The Craftsmanship Behind 3D Printed Jewelry

in Interviews

The aroma of fire and metal is in the air in the jewelry lab at the Shenkar College of Engineering and Design. Based in Ramat Gan, Israel, the lab brings the art of jewelry-making into the 21st century. Here, traditional craftsmanship methods meet digital fabrication and 3D printing to bring student creations to life.

Shenkar Workshop Form 2
Formlabs Design Lead Yoav Roches teaches students how to 3D print in Castable Resin on a Form 2.

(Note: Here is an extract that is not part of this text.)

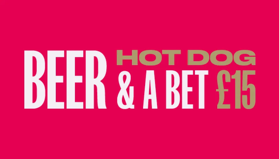 Your choice of hot dog, pint of house beer, and a £5 bet, all for just £15!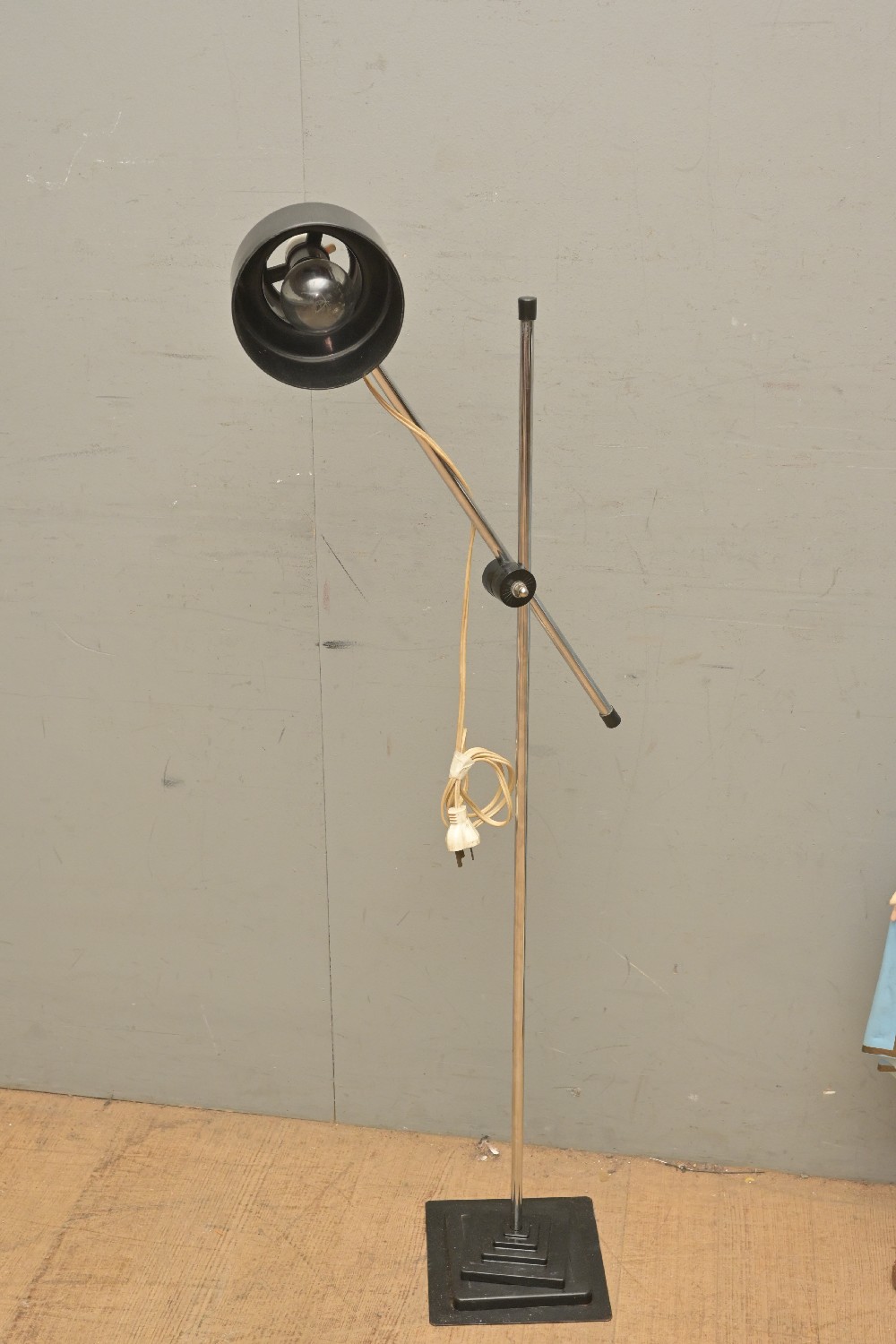 A RETRO CHROME AND BLACK METAL ADJUSTABLE STANDARD LAMP (115H CM) (LEONARD JOEL DELIVERY SIZE: LARGE)

It was in this unique setting that Formlabs organized a jewelry workshop for the Shenkar students. Yoav Roches, our Design Lead and a former Shenkar teacher, partnered up with university professors to teach a three-day workshop about jewelry design, 3D printing, and investment casting.

Shenkar Build Platform
After printing on the Form 2 is complete, a student lifts Castable Resin jewelry pieces off of the build platform.

The lab has a Form 2 3D printer along with various industrial 3D printers. Eden Offer, the lab’s 3D printing manager, explains, “Our department consists of over 100 students, so every week, we have a lot of printing to do.” During this workshop, students learned how to 3D print directly on the Form 2, giving them hands-on experience in professional 3D printing for jewelers.

Shenkar Casting Trees
Students build casting trees so that they can cast many 3D printed pieces at once.

The students used Castable Resin to capture the intricate details and smooth surfaces of their designs. They attached the 3D printed pieces to casting trees so that they could cast many pieces at once. After the investment casting process, the students polished their jewelry designs by hand.

“I think every design studio should have a 3D printer. If I had a printer, I would want it to be the Form 2 because the quality and the way they work is just amazing.” — Student Guy Naor

Shenkar Polishing Finish
A student adds the final touches to a ring by polishing it to a mirror finish.

Student Katia Rabey was amazed with how desktop 3D printing gave her more control over her jewelry-making process. She explains, “You control it from the moment that you make your model in Rhino to the actual moment when you hold it in your hand.” Her classmate Guy Naor adds, “I think every design studio should have a 3D printer. If I had a printer, I would want it to be the Form 2 because the quality and the way they work is just amazing.”